### Work task
The answer must be the full data, restated word for word, with no pictures in it.

### Collected material
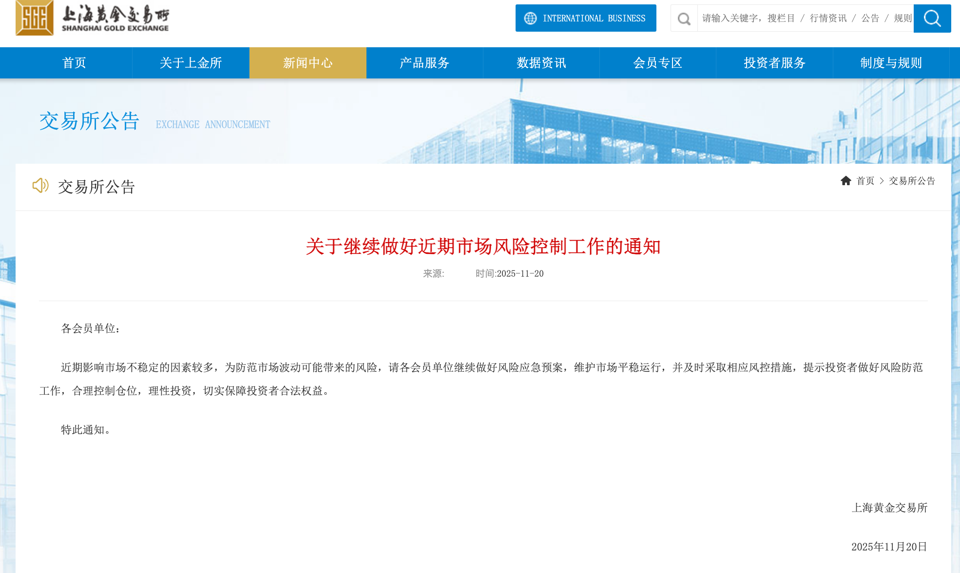 11月20日,上海黃金交易所發(fā)布《關(guān)于繼續(xù)做好近期市場(chǎng)風(fēng)險(xiǎn)控制工作的通知》(以下簡(jiǎn)稱《通知》)?!锻ㄖ繁硎?,近期影響市場(chǎng)不穩(wěn)定的因素較多,為防范市場(chǎng)波動(dòng)可能帶來(lái)的風(fēng)險(xiǎn),請(qǐng)各會(huì)員單位繼續(xù)做好風(fēng)險(xiǎn)應(yīng)急預(yù)案,維護(hù)市場(chǎng)平穩(wěn)運(yùn)行,并及時(shí)采取相應(yīng)風(fēng)控措施,提示投資者做好風(fēng)險(xiǎn)防范工作,合理控制倉(cāng)位,理性投資,切實(shí)保障投資者合法權(quán)益。
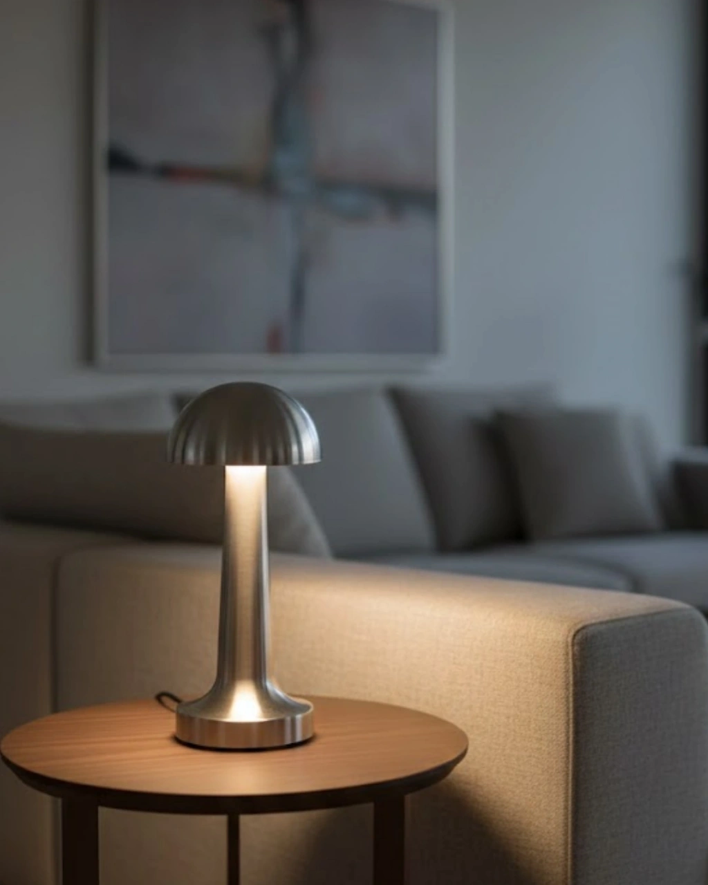 Dokunmatik Mantar Masa Lambası 3 Modlu Işık Şarjlı Kablosuz Led Krom Gövde
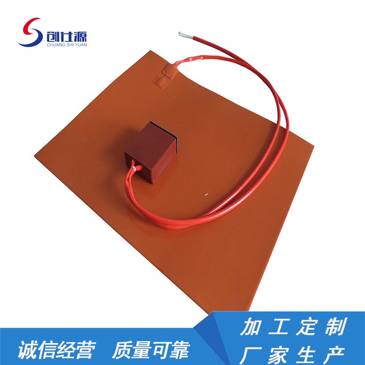硅橡胶加热器(硅橡胶加热片)是一种通电即发热的薄片,标准厚度为1.8mm。加热元件采用镍铬丝或用厚度0.05 mm~0.10mm的镍铬箔蚀刻成一定的形状,两面以导热绝缘材料,经高温模压成形及老化热处理而成,因此具有很高的可靠性。可制作各种形状,固定方式常见的有3M胶、固定孔、弹簧扣、扎带、魔术贴等,常见的温控有旋钮温控(0-150℃),内置恒温器(根据需求来)、数显温控(0-200℃)。

### Written answer
 11月20日,上海黃金交易所發(fā)布《關(guān)于繼續(xù)做好近期市場(chǎng)風(fēng)險(xiǎn)控制工作的通知》(以下簡(jiǎn)稱《通知》)?!锻ㄖ繁硎?,近期影響市場(chǎng)不穩(wěn)定的因素較多,為防范市場(chǎng)波動(dòng)可能帶來(lái)的風(fēng)險(xiǎn),請(qǐng)各會(huì)員單位繼續(xù)做好風(fēng)險(xiǎn)應(yīng)急預(yù)案,維護(hù)市場(chǎng)平穩(wěn)運(yùn)行,并及時(shí)采取相應(yīng)風(fēng)控措施,提示投資者做好風(fēng)險(xiǎn)防范工作,合理控制倉(cāng)位,理性投資,切實(shí)保障投資者合法權(quán)益。
 Dokunmatik Mantar Masa Lambası 3 Modlu Işık Şarjlı Kablosuz Led Krom Gövde
硅橡胶加热器(硅橡胶加热片)是一种通电即发热的薄片,标准厚度为1.8mm。加热元件采用镍铬丝或用厚度0.05 mm~0.10mm的镍铬箔蚀刻成一定的形状,两面以导热绝缘材料,经高温模压成形及老化热处理而成,因此具有很高的可靠性。可制作各种形状,固定方式常见的有3M胶、固定孔、弹簧扣、扎带、魔术贴等,常见的温控有旋钮温控(0-150℃),内置恒温器(根据需求来)、数显温控(0-200℃)。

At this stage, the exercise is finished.